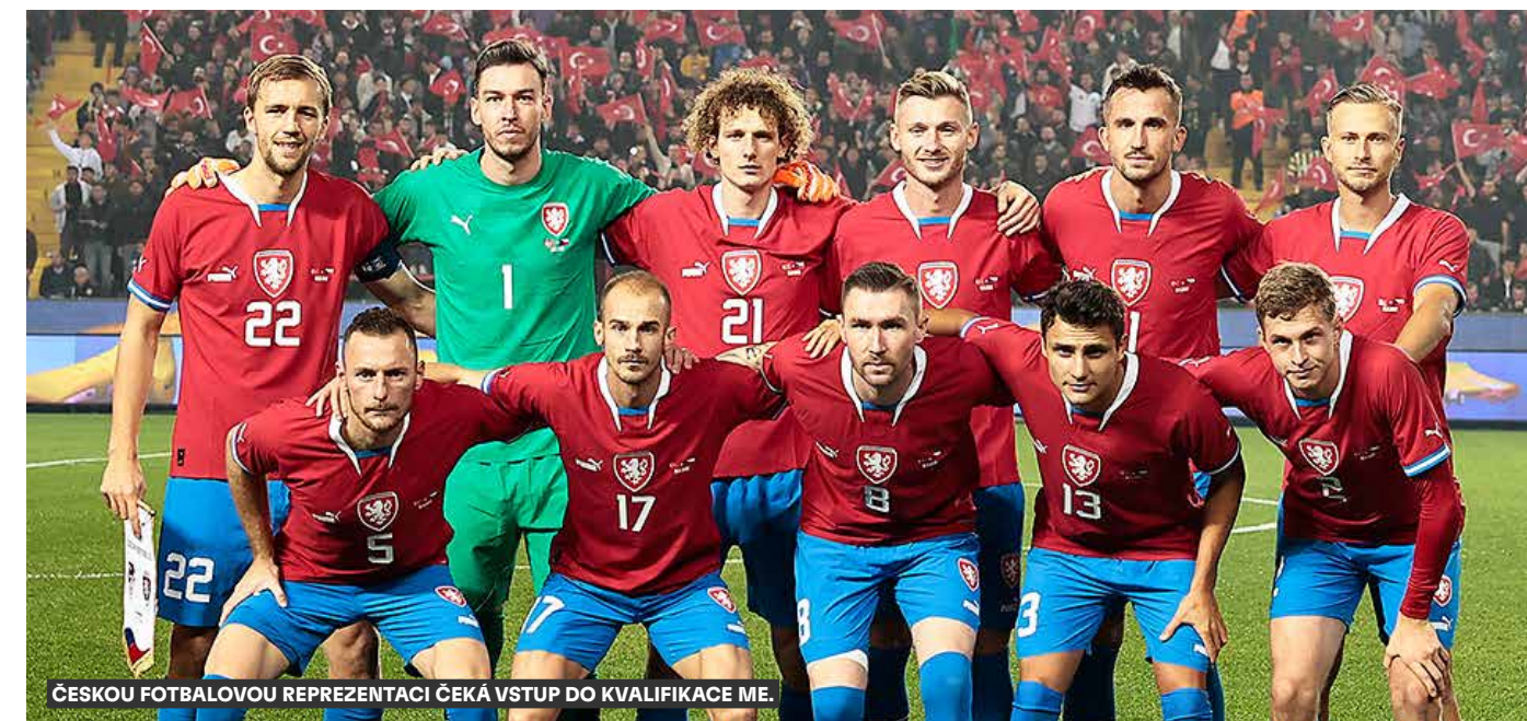
ČESKOU FOTBALOVOU REPREZENTACI ČEKÁ VSTUP DO KVALIFIKACE ME.
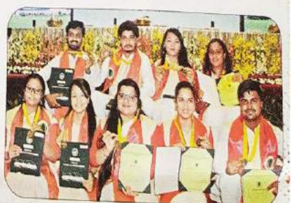
मेडल प्राप्त करने वाले छात्र-छात्राएं।
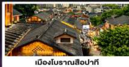
เมืองโบราณสี่牌坊
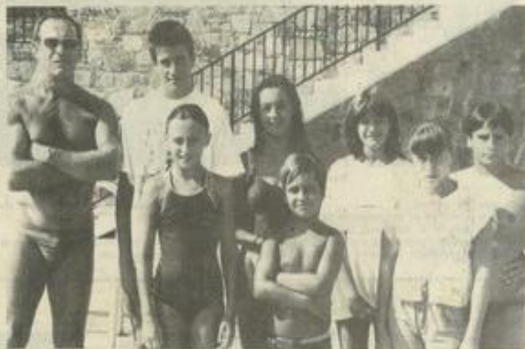
Aujourd'hui, la traversée de Port-Barcarès.

bonne-Plage. Ces deux jeunes nageurs honorent ainsi le club lézniganais par leurs supers performances.

## What the task requires
Exactly as they stand, set down all of the entries above, minus every picture.

## Your response
ČESKOU FOTBALOVOU REPREZENTACI ČEKÁ VSTUP DO KVALIFIKACE ME.
मेडल प्राप्त करने वाले छात्र-छात्राएं।
เมืองโบราณสี่牌坊
Aujourd'hui, la traversée de Port-Barcarès.

bonne-Plage. Ces deux jeunes nageurs honorent ainsi le club lézniganais par leurs supers performances.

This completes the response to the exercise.